*Data shown*
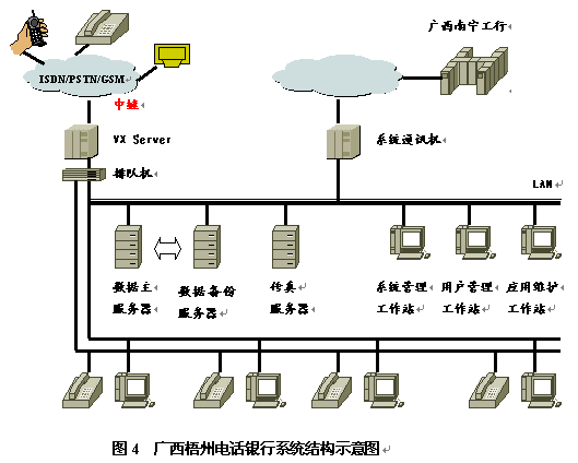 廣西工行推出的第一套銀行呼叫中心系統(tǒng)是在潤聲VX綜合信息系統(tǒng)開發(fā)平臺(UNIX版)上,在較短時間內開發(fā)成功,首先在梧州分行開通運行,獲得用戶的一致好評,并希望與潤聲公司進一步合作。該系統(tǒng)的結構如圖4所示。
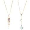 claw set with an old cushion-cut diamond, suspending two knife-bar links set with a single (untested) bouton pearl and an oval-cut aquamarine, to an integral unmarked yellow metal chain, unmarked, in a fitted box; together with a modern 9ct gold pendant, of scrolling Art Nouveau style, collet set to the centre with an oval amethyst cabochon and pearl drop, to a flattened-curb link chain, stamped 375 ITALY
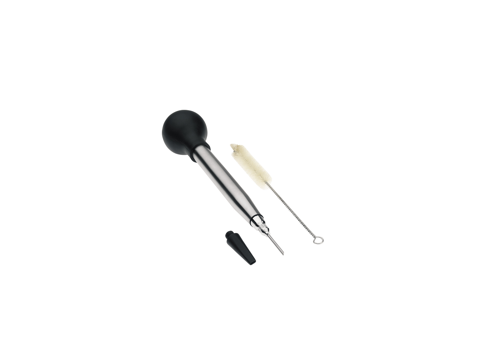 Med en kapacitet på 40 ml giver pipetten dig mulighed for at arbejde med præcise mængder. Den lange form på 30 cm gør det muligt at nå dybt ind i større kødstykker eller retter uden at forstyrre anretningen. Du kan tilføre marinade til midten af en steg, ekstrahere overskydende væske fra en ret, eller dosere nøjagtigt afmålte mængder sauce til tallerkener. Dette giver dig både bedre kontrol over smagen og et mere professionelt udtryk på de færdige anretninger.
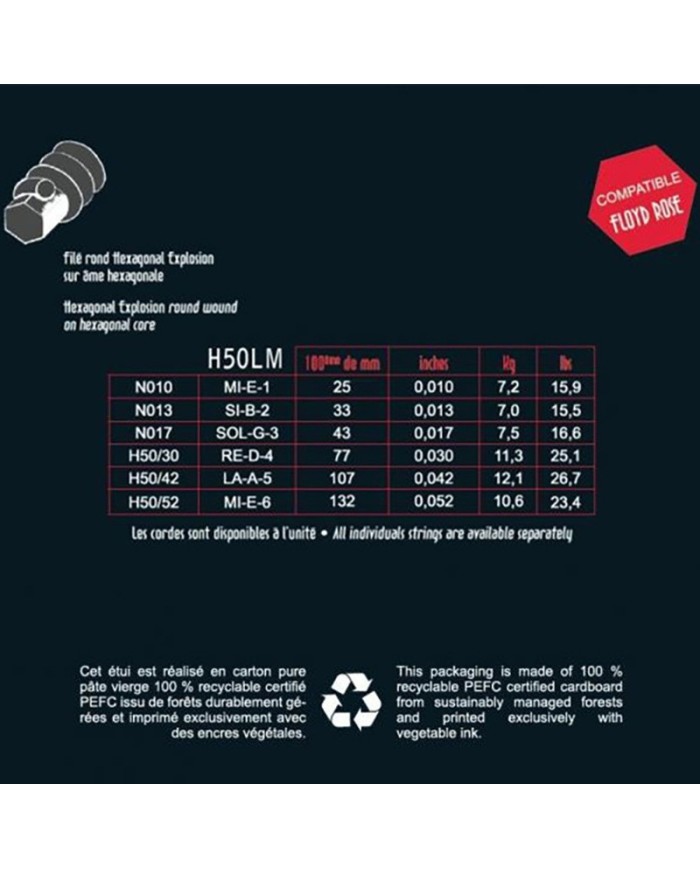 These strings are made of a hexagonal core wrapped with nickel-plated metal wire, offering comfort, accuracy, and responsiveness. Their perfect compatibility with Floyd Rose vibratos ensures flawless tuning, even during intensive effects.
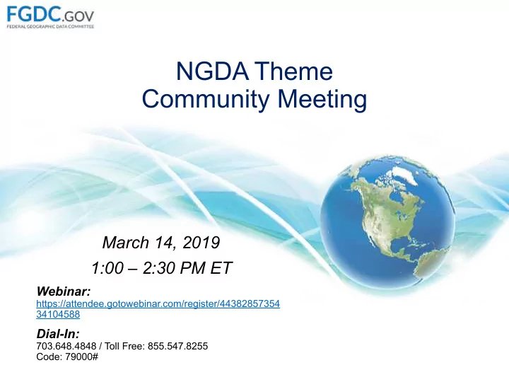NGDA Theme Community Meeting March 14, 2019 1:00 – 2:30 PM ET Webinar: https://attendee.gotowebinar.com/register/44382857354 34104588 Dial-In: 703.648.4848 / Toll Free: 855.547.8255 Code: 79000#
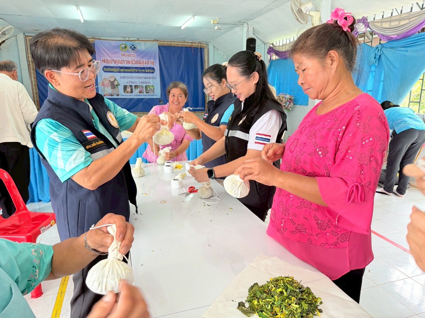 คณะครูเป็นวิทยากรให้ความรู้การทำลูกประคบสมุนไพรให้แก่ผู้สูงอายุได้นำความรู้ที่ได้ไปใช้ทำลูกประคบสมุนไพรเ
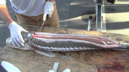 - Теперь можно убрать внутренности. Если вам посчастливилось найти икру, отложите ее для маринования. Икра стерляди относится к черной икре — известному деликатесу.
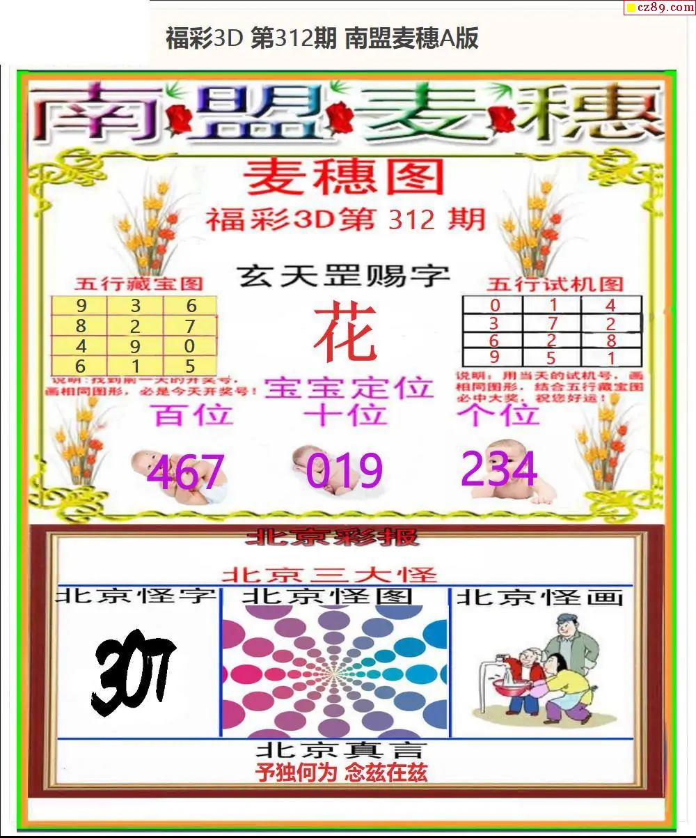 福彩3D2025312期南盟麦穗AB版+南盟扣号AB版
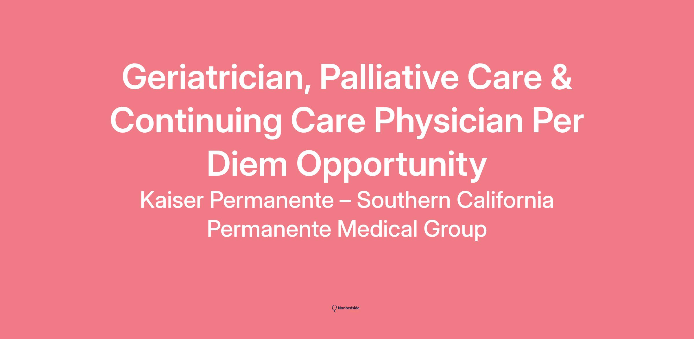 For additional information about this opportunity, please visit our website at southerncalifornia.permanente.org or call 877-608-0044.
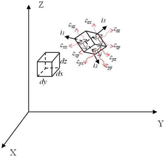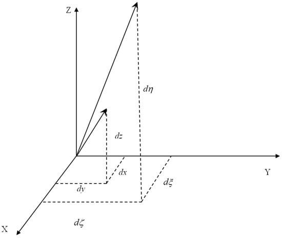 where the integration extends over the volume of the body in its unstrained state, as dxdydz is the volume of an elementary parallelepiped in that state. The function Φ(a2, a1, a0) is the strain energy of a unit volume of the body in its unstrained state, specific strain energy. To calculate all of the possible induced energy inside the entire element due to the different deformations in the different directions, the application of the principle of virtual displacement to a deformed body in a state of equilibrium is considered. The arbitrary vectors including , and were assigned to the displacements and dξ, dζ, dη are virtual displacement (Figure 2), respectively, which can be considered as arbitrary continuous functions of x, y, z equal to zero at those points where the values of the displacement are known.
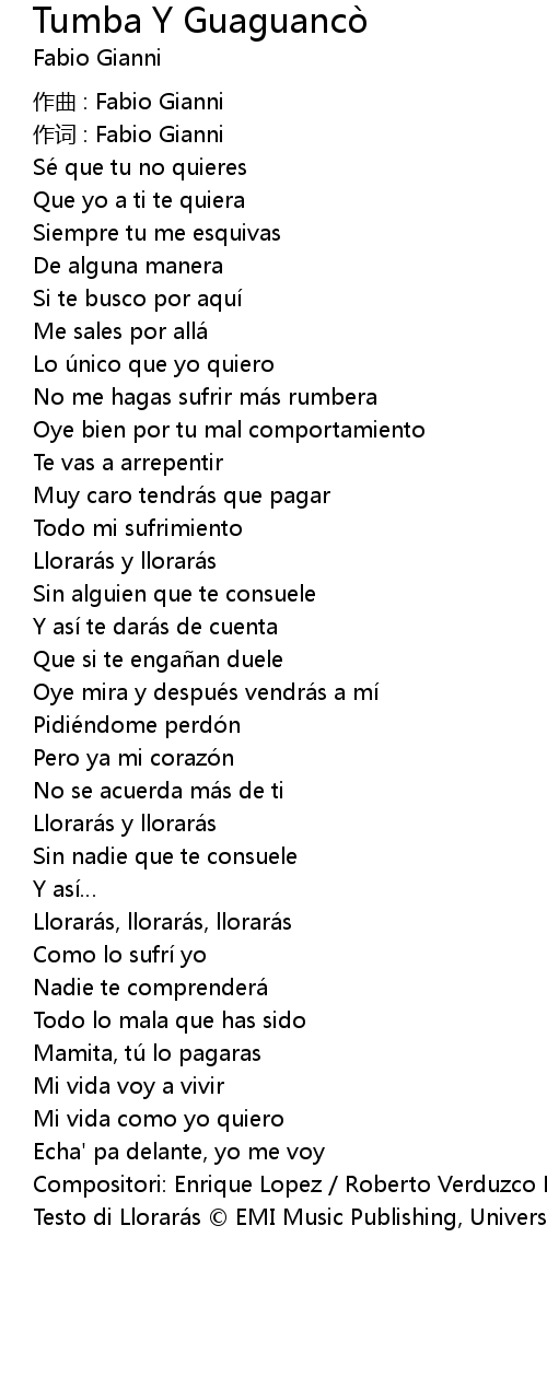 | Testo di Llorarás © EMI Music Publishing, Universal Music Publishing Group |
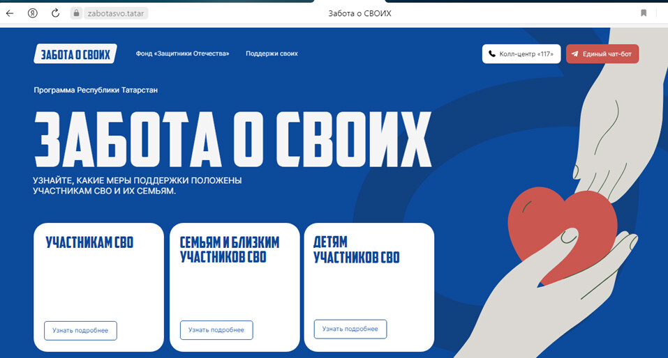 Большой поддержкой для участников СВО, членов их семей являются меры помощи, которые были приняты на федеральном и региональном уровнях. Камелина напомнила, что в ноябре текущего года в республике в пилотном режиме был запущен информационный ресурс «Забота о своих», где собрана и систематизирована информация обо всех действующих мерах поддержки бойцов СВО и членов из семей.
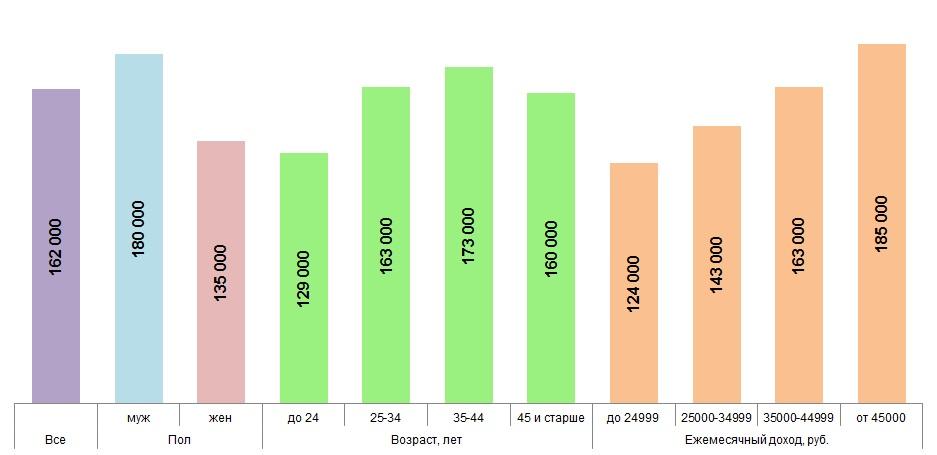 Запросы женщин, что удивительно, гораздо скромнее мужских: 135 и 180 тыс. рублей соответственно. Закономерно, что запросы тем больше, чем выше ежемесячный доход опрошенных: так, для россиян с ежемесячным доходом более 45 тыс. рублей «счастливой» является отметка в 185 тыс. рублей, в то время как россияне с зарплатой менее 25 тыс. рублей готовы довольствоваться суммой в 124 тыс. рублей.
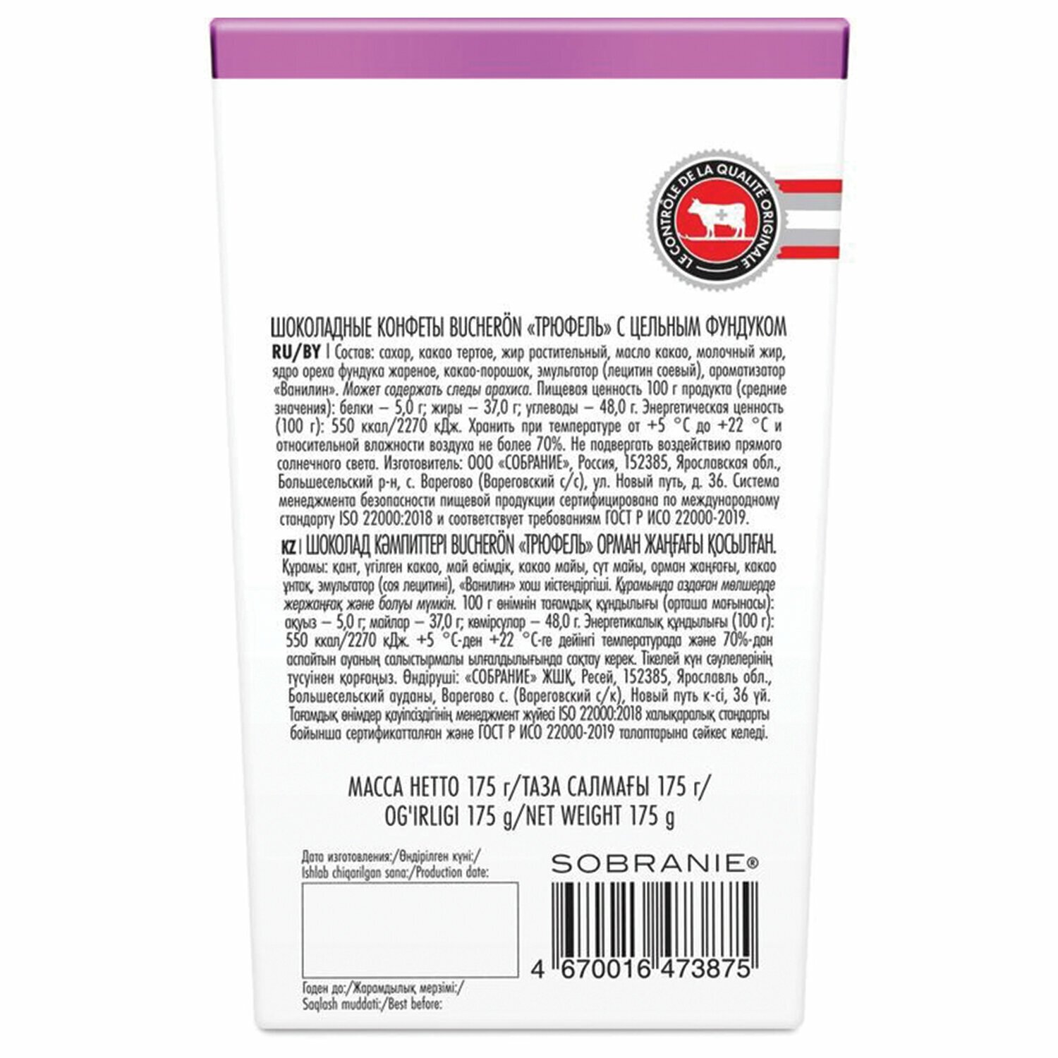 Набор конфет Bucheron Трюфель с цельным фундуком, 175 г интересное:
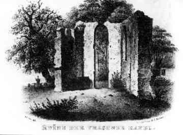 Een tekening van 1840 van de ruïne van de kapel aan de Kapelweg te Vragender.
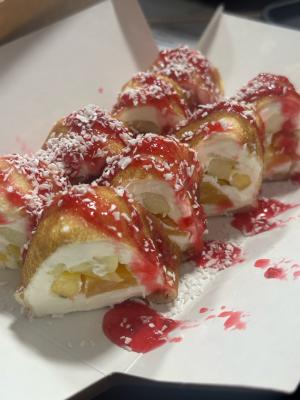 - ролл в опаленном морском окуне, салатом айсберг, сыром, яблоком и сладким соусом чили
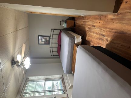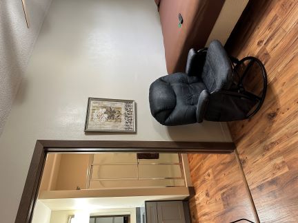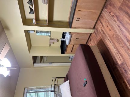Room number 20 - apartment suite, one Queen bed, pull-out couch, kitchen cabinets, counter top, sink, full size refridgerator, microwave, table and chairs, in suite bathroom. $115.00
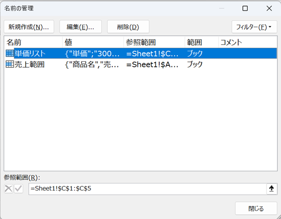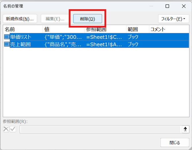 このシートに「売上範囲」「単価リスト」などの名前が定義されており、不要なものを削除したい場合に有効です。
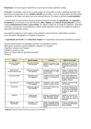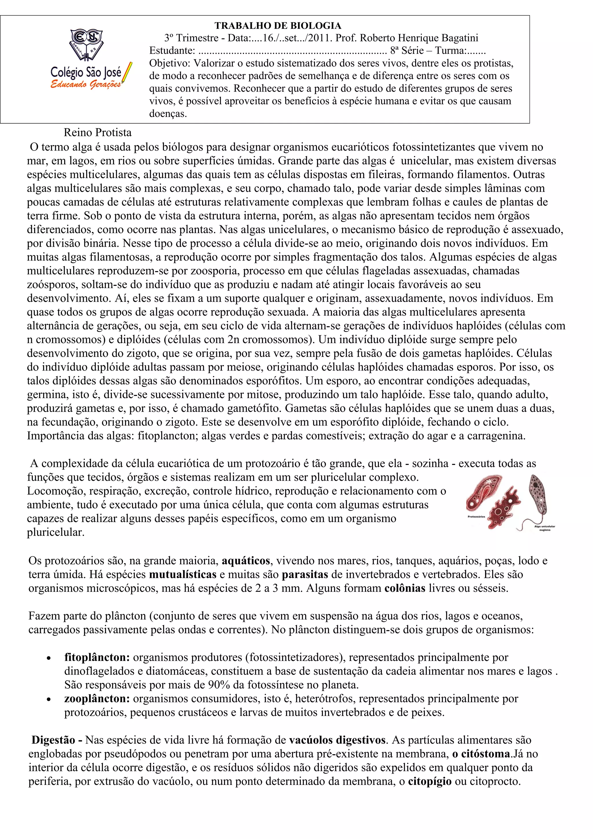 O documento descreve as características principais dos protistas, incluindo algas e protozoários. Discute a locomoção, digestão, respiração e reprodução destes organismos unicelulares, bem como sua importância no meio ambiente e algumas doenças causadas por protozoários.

*Brief*
All of the material above is to be copied exactly, with no pictures.

*Solution to the exercise*
 廣西工行推出的第一套銀行呼叫中心系統(tǒng)是在潤聲VX綜合信息系統(tǒng)開發(fā)平臺(UNIX版)上,在較短時間內開發(fā)成功,首先在梧州分行開通運行,獲得用戶的一致好評,并希望與潤聲公司進一步合作。該系統(tǒng)的結構如圖4所示。
 claw set with an old cushion-cut diamond, suspending two knife-bar links set with a single (untested) bouton pearl and an oval-cut aquamarine, to an integral unmarked yellow metal chain, unmarked, in a fitted box; together with a modern 9ct gold pendant, of scrolling Art Nouveau style, collet set to the centre with an oval amethyst cabochon and pearl drop, to a flattened-curb link chain, stamped 375 ITALY
 Med en kapacitet på 40 ml giver pipetten dig mulighed for at arbejde med præcise mængder. Den lange form på 30 cm gør det muligt at nå dybt ind i større kødstykker eller retter uden at forstyrre anretningen. Du kan tilføre marinade til midten af en steg, ekstrahere overskydende væske fra en ret, eller dosere nøjagtigt afmålte mængder sauce til tallerkener. Dette giver dig både bedre kontrol over smagen og et mere professionelt udtryk på de færdige anretninger.
 These strings are made of a hexagonal core wrapped with nickel-plated metal wire, offering comfort, accuracy, and responsiveness. Their perfect compatibility with Floyd Rose vibratos ensures flawless tuning, even during intensive effects.
NGDA Theme Community Meeting March 14, 2019 1:00 – 2:30 PM ET Webinar: https://attendee.gotowebinar.com/register/44382857354 34104588 Dial-In: 703.648.4848 / Toll Free: 855.547.8255 Code: 79000#
 คณะครูเป็นวิทยากรให้ความรู้การทำลูกประคบสมุนไพรให้แก่ผู้สูงอายุได้นำความรู้ที่ได้ไปใช้ทำลูกประคบสมุนไพรเ
 - Теперь можно убрать внутренности. Если вам посчастливилось найти икру, отложите ее для маринования. Икра стерляди относится к черной икре — известному деликатесу.
 福彩3D2025312期南盟麦穗AB版+南盟扣号AB版
 For additional information about this opportunity, please visit our website at southerncalifornia.permanente.org or call 877-608-0044.
 where the integration extends over the volume of the body in its unstrained state, as dxdydz is the volume of an elementary parallelepiped in that state. The function Φ(a2, a1, a0) is the strain energy of a unit volume of the body in its unstrained state, specific strain energy. To calculate all of the possible induced energy inside the entire element due to the different deformations in the different directions, the application of the principle of virtual displacement to a deformed body in a state of equilibrium is considered. The arbitrary vectors including , and were assigned to the displacements and dξ, dζ, dη are virtual displacement (Figure 2), respectively, which can be considered as arbitrary continuous functions of x, y, z equal to zero at those points where the values of the displacement are known.
 | Testo di Llorarás © EMI Music Publishing, Universal Music Publishing Group |
 Большой поддержкой для участников СВО, членов их семей являются меры помощи, которые были приняты на федеральном и региональном уровнях. Камелина напомнила, что в ноябре текущего года в республике в пилотном режиме был запущен информационный ресурс «Забота о своих», где собрана и систематизирована информация обо всех действующих мерах поддержки бойцов СВО и членов из семей.
 Запросы женщин, что удивительно, гораздо скромнее мужских: 135 и 180 тыс. рублей соответственно. Закономерно, что запросы тем больше, чем выше ежемесячный доход опрошенных: так, для россиян с ежемесячным доходом более 45 тыс. рублей «счастливой» является отметка в 185 тыс. рублей, в то время как россияне с зарплатой менее 25 тыс. рублей готовы довольствоваться суммой в 124 тыс. рублей.
 Набор конфет Bucheron Трюфель с цельным фундуком, 175 г интересное:
 Een tekening van 1840 van de ruïne van de kapel aan de Kapelweg te Vragender.
 - ролл в опаленном морском окуне, салатом айсберг, сыром, яблоком и сладким соусом чили
Room number 20 - apartment suite, one Queen bed, pull-out couch, kitchen cabinets, counter top, sink, full size refridgerator, microwave, table and chairs, in suite bathroom. $115.00
 このシートに「売上範囲」「単価リスト」などの名前が定義されており、不要なものを削除したい場合に有効です。
 O documento descreve as características principais dos protistas, incluindo algas e protozoários. Discute a locomoção, digestão, respiração e reprodução destes organismos unicelulares, bem como sua importância no meio ambiente e algumas doenças causadas por protozoários.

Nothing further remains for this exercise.